这是一个**创业板50专用**的日频 regime-aware exposure control 项目骨架。

它的目标不是预测每天涨跌，而是尽量做到：
- 大跌/拥挤期少亏
- 真修复阶段逐步回补
- 主升段保留大部分参与率

## 当前已经搭好的内容

- `data/`：CSV/parquet 读取器 + synthetic demo 数据生成器
- `features/`：价格、广度、相对强弱三层特征
- `model/`：连续分数、5 态状态机、仓位映射和硬 veto
- `backtest/`：next-open 近似执行回测、utility、事件切片
- `pipelines/`：demo 管线 + frozen-hypothesis validation
- `tests/`：最小端到端测试

## 核心状态

- `risk_off`
- `repair`
- `trend`
- `chop`
- `euphoric_late`

## 核心分数

- `trend_score`
- `breadth_score`
- `stress_score`
- `crowding_score`
- `repair_score`

以及三个路径型 hazard：
- `down_hazard`
- `repair_hazard`
- `rebound_hazard`

## 运行 demo

在项目根目录执行：

```bash
python pipelines/run_demo.py \
  --pit-csv path/to/chinext50_pit.csv \
  --output-dir outputs/demo
```

这会使用 synthetic 数据生成：
- `outputs/demo/daily_ledger.csv`
- `outputs/demo/event_summary.csv`
- `outputs/demo/metrics_summary.json`

## 运行 frozen-hypothesis 验证

```bash
python pipelines/frozen_hypothesis_validation.py \
  --pit-csv path/to/chinext50_pit.csv \
  --output-dir outputs/frozen_validation
```

## 换成真实数据

你的 CSV/parquet 至少需要这些列：

- `date`
- `open`
- `high`
- `low`
- `close`
- `volume`

建议同时提供：
- `hs300_close`
- `star50_close`
- `csi1000_close`
- `pct_constituents_above_20dma`
- `pct_constituents_above_60dma`
- `pct_new_high_20`
- `pct_new_low_20`
- `eq_weight_ret_5`
- `weighted_ret_5`
- `top3_contribution_5`
- `corr_spike_20`
- `dispersion_20`

运行方式：

```bash
python pipelines/run_demo.py \
  --pit-csv path/to/chinext50_pit.csv \
  --output-dir outputs/real_data_demo
```

## 重要说明

- 当前 scaffold **不是**业绩证明，只是把“特征 -> 分数 -> 状态 -> 仓位 -> 回测 -> 事件诊断”这条闭环先搭通。
- economic effect 需要你接入**真实的创业板50指数/ETF历史 + 历史成分股宽度数据**后再做严格 walk-forward 验证。
- 第一阶段不要同时扩到多市场或复杂 readiness/portability 系统。
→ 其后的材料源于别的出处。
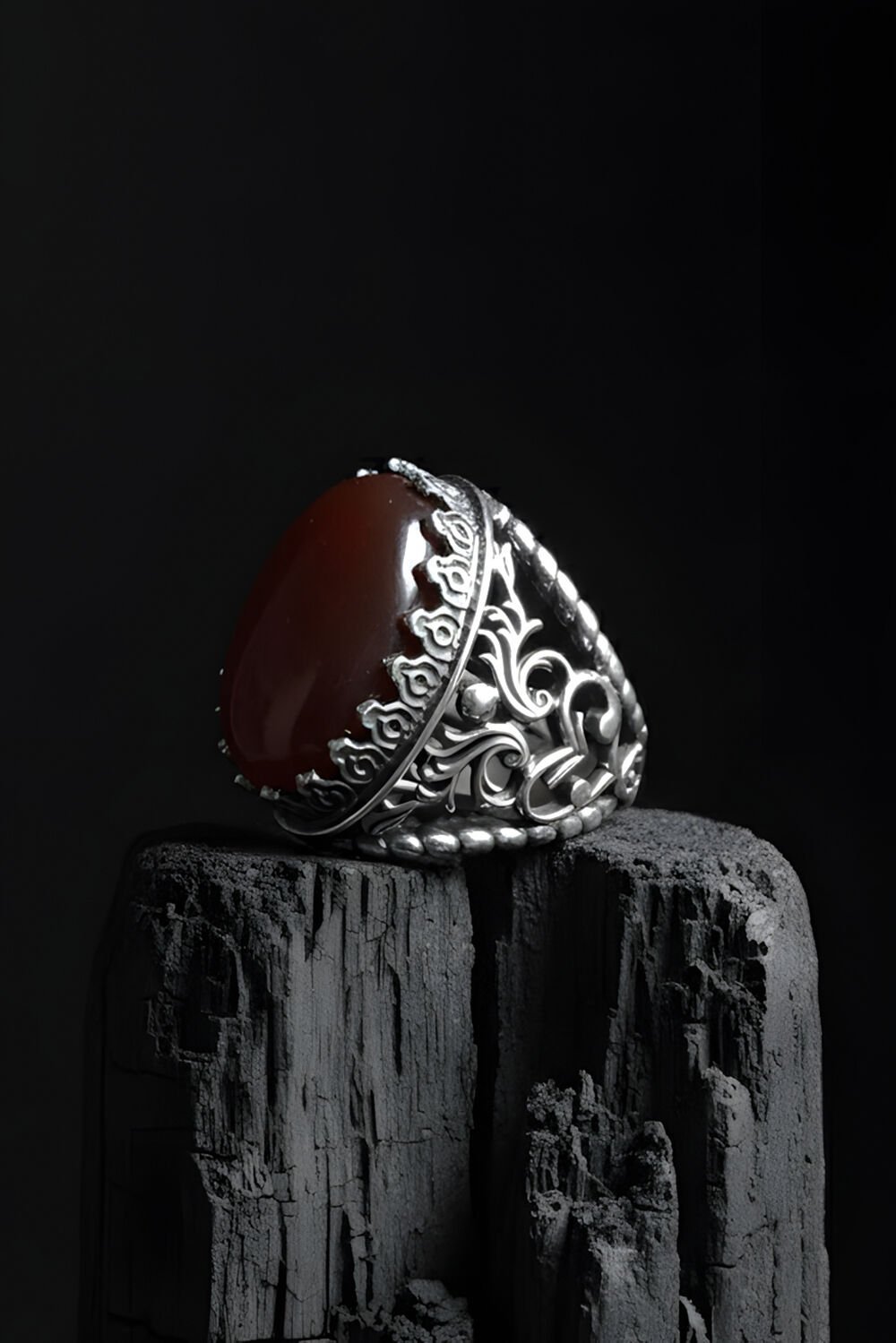 925 ayar gümüşün ağırlığını ve kalitesini her detayında hissedeceğiniz bu yüzük, yaklaşık 17,30 gram ağırlığıyla tok bir duruş sergiler. 18x25 mm boyutlarındaki göz alıcı akik taşı, çevresindeki ince kalem işçiliği ve "Har-ı Aşk" (Aşk Ateşi/Dikeni) temalı işlemeleriyle sıradan bir aksesuardan çok daha fazlası; bir imza niteliğindedir.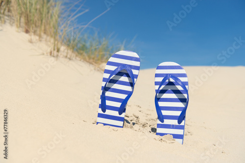 © Ivonne Wierink, Obraz premium flip flops in sand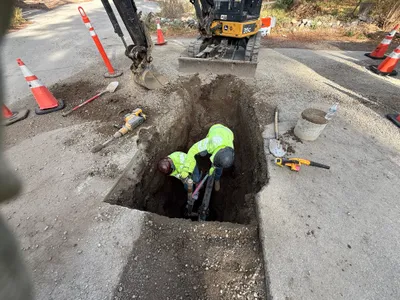 The image shows a rectangular pothole excavation on a paved area, with loose soil and debris surrounding the opening. A pair of work boots is visible near the edge, indicating the presence of a worker. No utilities or pipes are visibly seen inside the hole. The surrounding area appears to be clear of equipment and significant obstacles.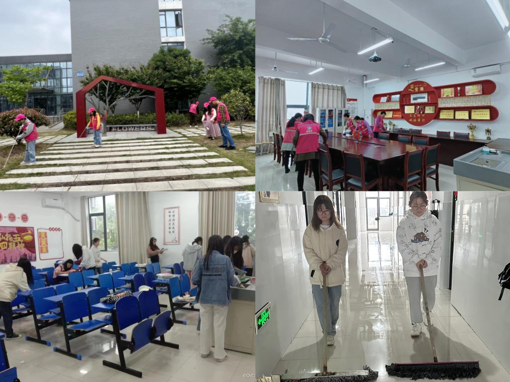 教育学院引导和组织师生参与各个层面的劳动体验,激励师生弘扬劳动品德、培养劳动技能、磨砺奋斗品格。教育学院教工党支部和学生党支部联合开展“周五一小时 扮靓我的家”文明实践志愿服务主题党日活动,党员教师身穿红色马甲,手持劳动工具,捡拾垃圾和烟头,清扫校园,认真、细致打扫每个角落,确保卫生不留死角,用实际行动美化校园环境;教育学院组织学生参与教室、寝室的卫生保洁、绿化美化等劳动实践活动,秉着“寝室是我家,安静、干净、和谐靠大家”的理念开展宿舍清扫活动,引导学生清扫地面、收拾书桌、擦拭宿舍、清理垃圾,并开展教室大扫除活动,带领学生清扫教室地面、将桌椅摆放整齐、清理垃圾、清扫角落灰尘,做到教室无垃圾、无杂物,鼓励学生积极主动参与劳动,坚持让学生通过自己的双手、汗水完成劳动教育活动,践行劳动责任与意识,促进学生形成正确世界观、人生观和价值观,展现学生热爱劳动、团结互助的精神风貌。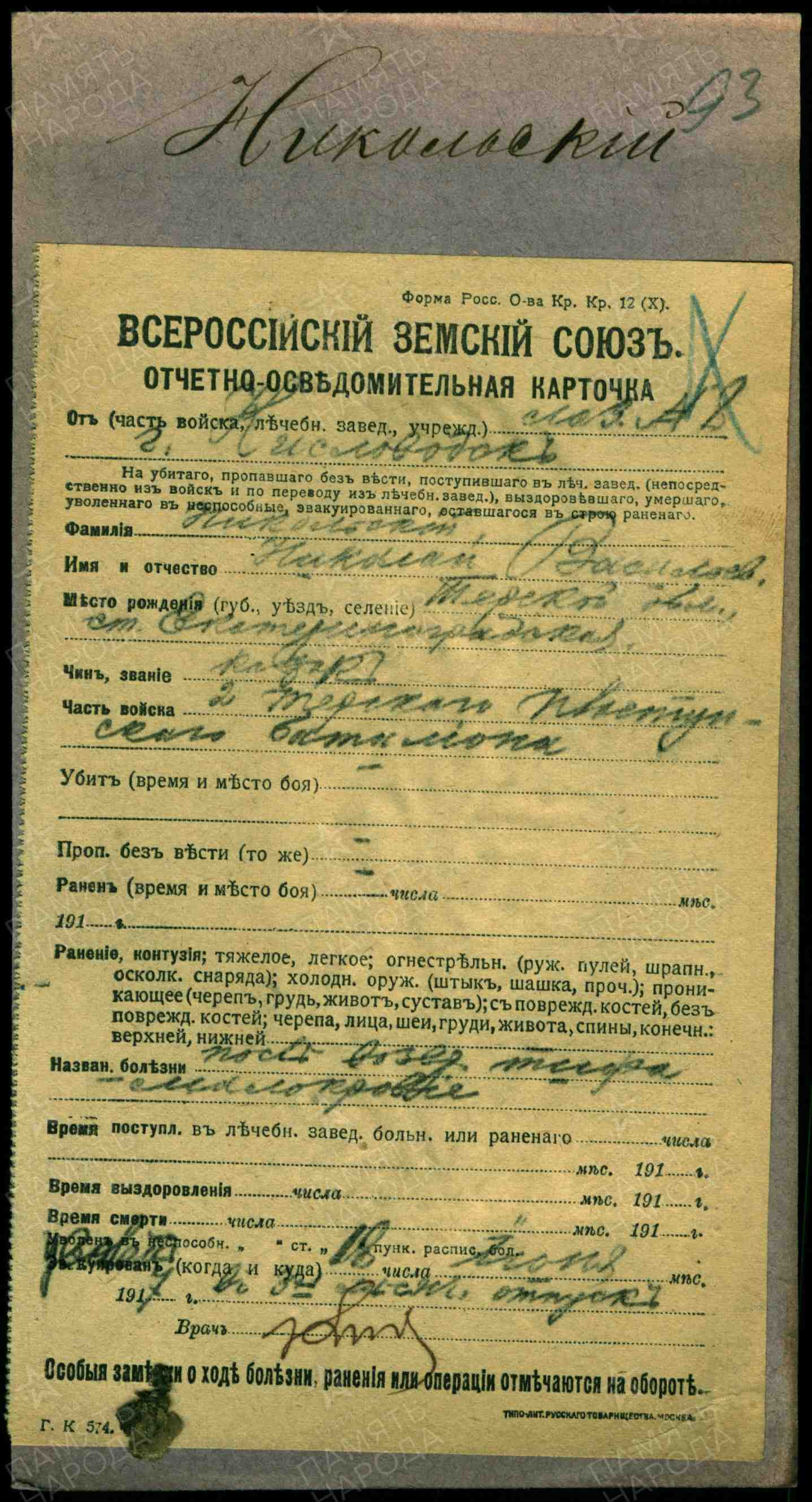 Фонд Картотека бюро учета потерь в Первой мировой войне (офицеров и солдат)

## Real Data Input Contract and Quality Gate

The runtime pipelines now require a full point-in-time dataset and can optionally block low-quality data before feature construction.

### Required PIT columns

`date`, `open`, `high`, `low`, `close`, `volume`, `hs300_close`, `star50_close`, `csi1000_close`, `pct_constituents_above_20dma`, `pct_constituents_above_60dma`, `pct_new_high_20`, `pct_new_low_20`, `eq_weight_ret_5`, `weighted_ret_5`, `top3_contribution_5`, `top1_contribution_5`, `top10_contribution_5`, `sector_concentration_20`, `corr_spike_20`, `dispersion_20`

- Column names are normalized to lowercase with surrounding whitespace removed.
- Duplicate trading dates are rejected.
- Rows are sorted by trading date before downstream processing.

- Runtime entrypoints no longer merge sidecars on the fly.
- If required PIT columns are missing, the pipeline fails before quality gate and feature construction.

### Data quality gate modes

- Non-strict (default): pipeline continues and records warnings when critical-column coverage is below threshold.
- Strict (`--strict-data`): pipeline stops only when configured `blocking_columns` are breached; non-blocking breaches remain warnings.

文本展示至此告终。